Ball* CurrentBall = b.at(i);
ANSWER!!ANSWER!!ANSWER!! but i forgot my other account so i can't flag it :-(
Thanks for all the great replies, it really helped me alot! The answers that you gave were indeed correct, a couple of my formulas were wrong and some code optimisation could be done, but none was really a solution to the problem. So i just sat down with a piece of paper and started calculation every value i got from my program by hand, took me like two hours :O But i did find the solution to my problem:
The problem is that as i update my velocity (whith corrected code) i get a decimal value, no problem at all. Later i increase the position in Y by adding the velocity times the Delta T, which is a verry small value. The result is a verry small value that needs to be added. The problem is now that if you draw a Elipse() in Win32 the point is a LONG and so all the decimal values are lost. That means that only after a verry long period, when the values velocity starts to come out of the decimal values something happens, and that alongside with that, the higher you drop the ball the better the results (one of my symptons) The solution to this problem was really simple, ad an extra DOUBLE value to my Ball class which contained the true position (including decimals) of my ball. During the RenderFrame() you just take the floor or ceiling value of the double to draw the elipse but for all the calculations you use the Double value. Once again thanks alot for all your replies, STACKOVERFLOW PEOPLE ROCK!!!
If your dBounceCof is > 1 then, yes your ball will bounce higher.
We do not have all the values to be able to reply to your question.

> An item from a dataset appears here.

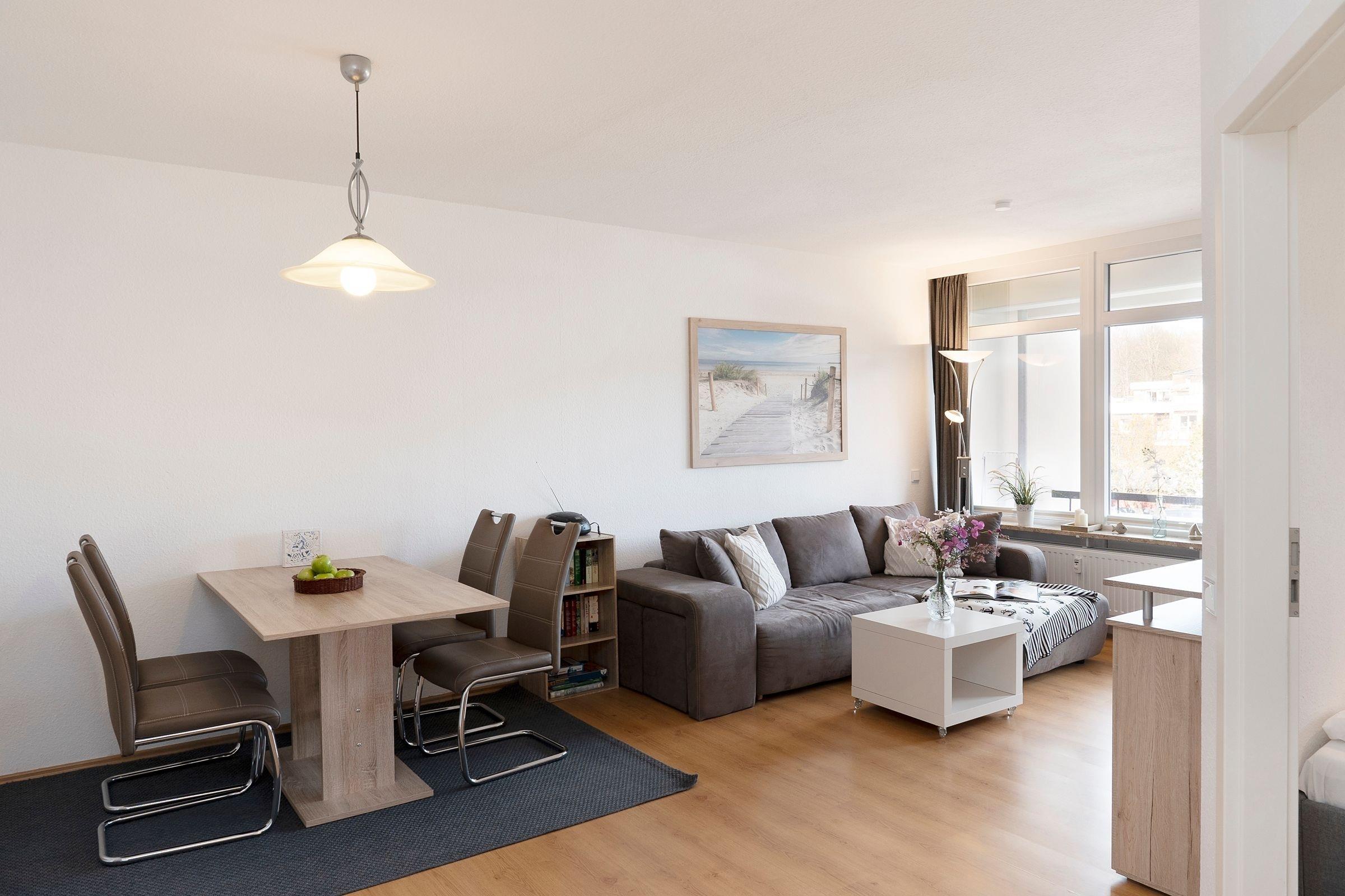 Neben einem großzügigen und lichtdurchfluteten Wohn-/Essbereich mit Schlafsofa (ca. 120x200 cm) verfügt Ihre Wohnung über ein separates Schlafzimmer mit einem komfortablen Doppelbett (2x 90x200 cm) und zusätzlichem Flachbild-TV. Ihre Urlaubsgarderobe verstauen Sie problemlos in einem geräumigen Kleiderschrank. Vom Wohnbereich aus haben Sie direkten Zugang auf den möblierten Balkon, auf dem Sie einen ereignisreichen Urlaubstag mit einem Glas Wein ausklingen lassen können. Das Duschbad wurde zum Jahresbeginn 2022 komplett saniert und ist mit allem ausgestattet, um erfrischt in den neuen Urlaubstag zu starten. Die moderne, offene Küchenzeile wurde ebenfalls 2022 erneuert und ist perfekt in den Wohnbereich integriert. Sie bietet alles, was Hobby-Koch-Herzen höher schlagen lässt. Unter anderem stehen Ihnen hier eine Kaffee-Pad-Maschine (Senseo) und eine Filterkaffeemaschine zur Verfügung. Bereiten Sie problemlos Ihre Mahlzeiten zu und genießen Sie gesellige Kochabende mit Freunden und Familie.

I don't think your equation for position is right:
b.at(i)->dVelocityY += (o.dGravity)/o.REFRESH;
This is v=v0+gt - that seems fine, although I'd write dGravity*DT instead of dGravity/REFRESH_FREQ.

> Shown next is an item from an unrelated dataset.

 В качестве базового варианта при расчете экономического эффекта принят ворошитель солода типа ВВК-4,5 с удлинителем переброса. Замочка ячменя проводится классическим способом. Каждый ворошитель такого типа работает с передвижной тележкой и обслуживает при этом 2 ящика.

b.at(i)->pOrigin.y += b.at(i)->dVelocityY + (1/2)*o.dGravity/o.REFRESH*DT*METER;
But this seems off: It is eqivalent to p = p0+v + 1/2gt^2.
You ought to multiply velocity * time to get the units right
You are scaling the gravity term by pixels/meter, but not the velocity term. So that ought to be multiplied by METER also
You have already accounted for the effect of gravity when you updated velocity, so you don't need to add the gravity term again.

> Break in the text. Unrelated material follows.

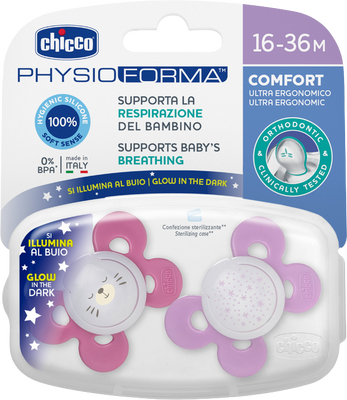 Chicco Dudlík Physio Comfort silikon noční 16-36m dívka - hvězdy/méďa 2 ksVše o produktuDoplňující informaceHodnocení produktuDudlík Chicco Physio Comfort řady Physioforma patří mezi aktivní ortodontické uklidňující dudlíky. Kotouč dudlíku Physio Comfort byl speciálně navržen tak, aby byl co nejmenší možnou styčnou plochou s dětskou tvářičkou a poskytl i té nejcitlivější pokožce se sklonem k podráždění maximální komfort. Dotýká se okolí úst pouze ve čtyřech malých bodech!

Thanks for the quick replies!!! Sorry, i should have been more clear, the RunPhysics is beiing run after a PeekMessage. I have also added a frame limiter which makes sure that no more calculations are done per second than the refresh rate of the monitor. My dleta t is therefore 1 second devided by the refresh rate. Maybe my DT is actually too small to calculate, although it's a double value??? My cof of restitution is adjustable but starts at 0.9
You need to recompute your position on bounce, to make sure you bounce from the correct place on the wall.
I.e. resolve the exact point in time when the bounce occured, and calculate new velocity/position based on that direction change (partially into a "frame" of calculation) to make sure your ball does not move "beyond" the walls, more and more on each bounce.
W.r.t. time step, you might want to check out my answer here.
In a rigid body simulation, you need to run the integration up to the instant of collision, then adjust the velocities to avoid penetration at the collision, and then resume the integration. It's sort of an instantaneous kludge to cover the fact that rigid bodies are an approximation. (A real ball deforms during a collision. That's hard to model, and it's unnecessary for most purposes.)
You're combining these two steps (integrating the forces and resolving the collisions). For a simple simulation like you've shown, it's probably enough to skip the gravity bit on any iteration where you've handled a vertical bounce.
In a more advanced simulation, you'd split any interval (dt) that contains a collision at the actual instance of collision. Integrate up to the collision, then resolve the collision (by adjusting the velocity), and then integrate for the rest of the interval. But this looks like overkill for your situation.